There could also be a realisation that the tensions with Russia and the West are not thawing out. The war in Ukraine is far from over, and although we don’t think the situation will go nuclear, we did note the Bulletin of the Atomic Scientists announcing the latest Doomsday Clock time. The impact of Putin and war was one key factor that moved the needle to 90 seconds to midnight, the closest it has ever been.
As a traditional safe haven asset, we think investors will look to allocate funds to the dollar in the short-term to try and compensate for both political and economic risks.
Even if you strip out all the associated risks in the near-term, the appeal of the dollar is there from a high-yield perspective. The projected 5% terminal rate by early spring will put it only behind NZD as the highest yield in the G10 space. This will continue to give it carry trade advantages, where clients buy USD and sell the likes of EUR, CHF and JPY to pick up income.

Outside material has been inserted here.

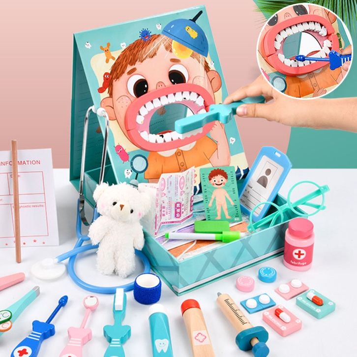 RHAAST DENTIST TOYS MAINAN DOCTOR ANAK MAINAN KAYU ANAK BY GINGER INFANTINO PERALATAN PERAWATAN KESEHATAN BONEKA PAPAN

Let’s not forget the overlay implications for the dollar. Given the relatively depressed levels in equity and bond markets after the 2022 rout, foreign investors likely have to sell X and buy USD to then purchase stocks and bonds. This should be the most pronounced over the next couple of months.
Down, but not out
We feel that the DXY will finish 2023 lower than it is now. Yet we don’t feel that now is the time to jump in. Rather, we anticipate a short-term move back higher in the index in coming weeks/end of Q1. At that point, we feel there will come a time to get a good entry point to establish short positions.